Minister of Lands and Colonization
- In office 7 June 1943 – 1 September 1943
- President: Juan Antonio Ríos
- Preceded by: Osvaldo Fuenzalida
- Succeeded by: Osvaldo Vial

Intendant of Magallanes Province
- In office 2 April 1942 – 7 June 1943
- President: Juan Antonio Ríos

Personal details
- Born: 26 March 1894 Santiago, Chile
- Died: Unknown Punta Arenas, Chile
- Party: Radical Party
- Parent(s): Mauricio Lagos Mercedes Rivera
- Education: University of Chile
- Occupation: Lawyer, professor and politician

= Alejandro Lagos =

Chilean politician

Alejandro Lagos Rivera (26 March 1894 –?) was a Chilean lawyer, professor, and politician, and a member of the Radical Party (PR). He served as a minister of state during the administration of President Gabriel González Videla.

== Family and education ==
Lagos was born in Santiago on 26 March 1894, the son of Mauricio Lagos Letelier and Mercedes Rivera Valenzuela. He completed his primary and secondary education at the Internado Nacional Barros Arana. He then studied at the Faculty of Law, University of Chile, graduating as a lawyer in 1919 with the thesis Procede de oficio la declaración del concurso de acreedores, en el caso del n° 2 del artículo 690 del Código de Procedimiento Civil.

== Professional career ==
Lagos began his professional career as a filing clerk in the Judicial Service of the State Railway Company (EFE). From 1920 to 1927, he served as secretary of the provincial government of Magallanes. Concurrently, from 1923 to 1928, he taught civics at the local girls' secondary school.

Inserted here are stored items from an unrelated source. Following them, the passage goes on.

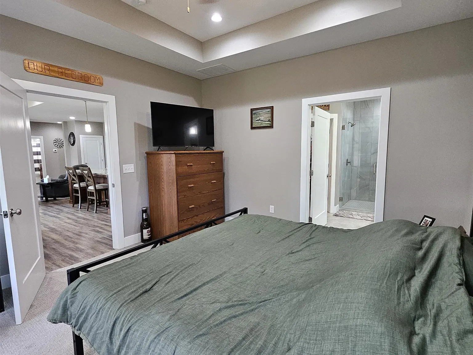 The main bedroom includes an en-suite bathroom with double sinks, a walk-in tiled shower, and walk-in closets, giving the space a more modern, upgraded feel compared to older homes in the area.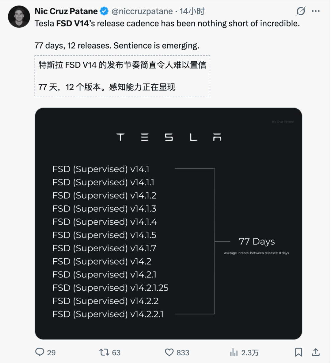 当FSD v14被推送到数百万车主的车机上时,一种奇怪的反馈开始在社交媒体上蔓延。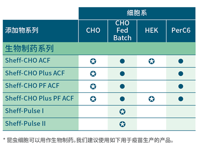其中Sheff-CHO系列是一系列針對CHO細胞的非動物源性復合添加物,它在提高細胞密度、維持細胞活力和促進蛋白產(chǎn)物表達方面有顯著作用,已經(jīng)過全球生物制藥巨頭公司與國內(nèi)企業(yè)廣泛驗證,是中國CRO和企業(yè)客戶培養(yǎng)基優(yōu)化首選產(chǎn)品。
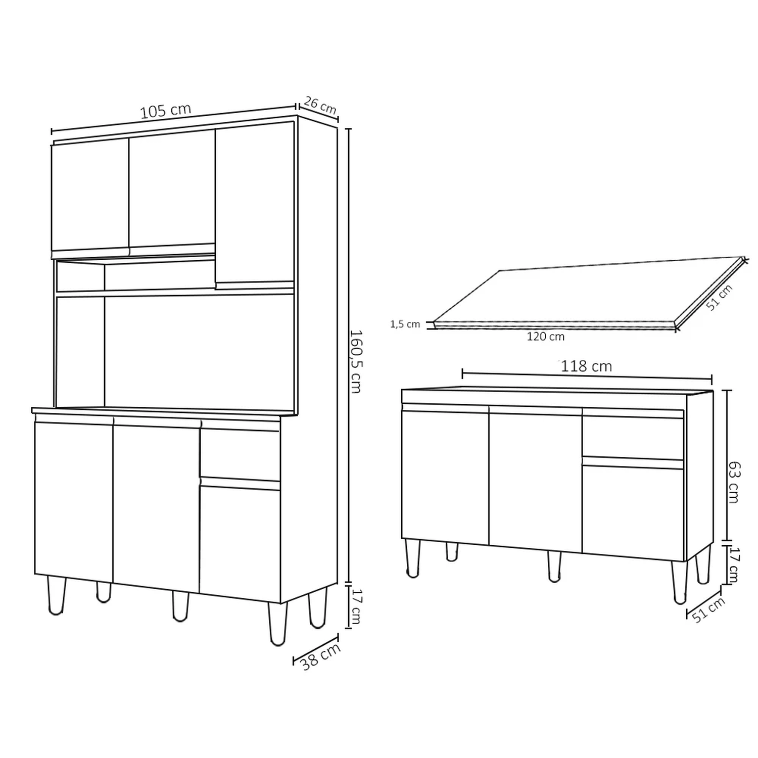 Conteúdo da Embalagem: 1 Armário, 1 Balcão, 1 Tampo.
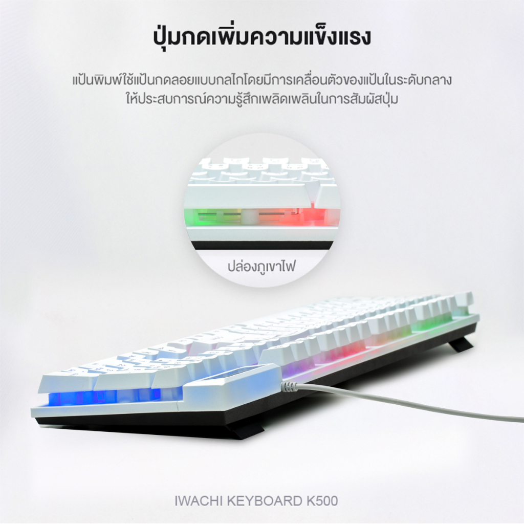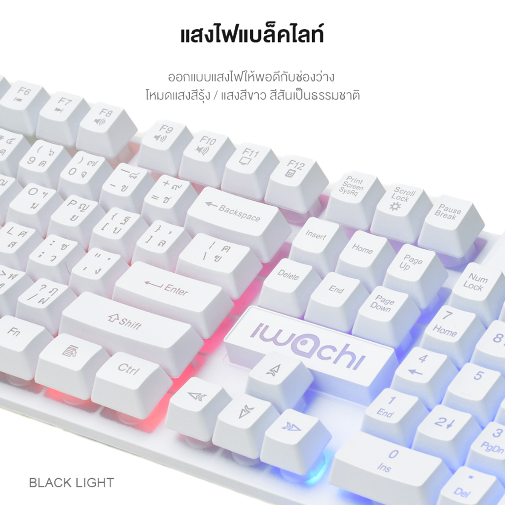 IWACHI K5 คีย์บอร์ดไฟ RGB แสงไฟสี/แสงไฟขาว คีย์บอร์ดเกมมิ่งมีสาย แป้นพิมพ์ภาษาไทย เสียงเบา เซตคีย์บอร์ด+เมาส์

He also worked as legal counsel for several institutions and companies, including Sociedad Menéndez Behety, Compañía Chilena Naval Interoceánica, Sociedad Rural de Chile, and the Sociedad Cinematográfica y Teatral de Punta Arenas. He also contributed to the local press and served as vice-president of the Club de Magallanes, as well as a director of the Club Hípico de Santiago and the Sociedad Valle de Chacabuco.

== Political career ==
Lagos was a member of the Radical Party (PR), in which he served as first vice-president, and was a founder of the party's Punta Arenas assembly. During the administration of President Juan Antonio Ríos, also a Radical, he was appointed Intendant of Magallanes on 2 April 1942. He served in that position until 7 June 1943, when he was appointed Minister of Lands and Colonization, a post he held until 1 September of the same year.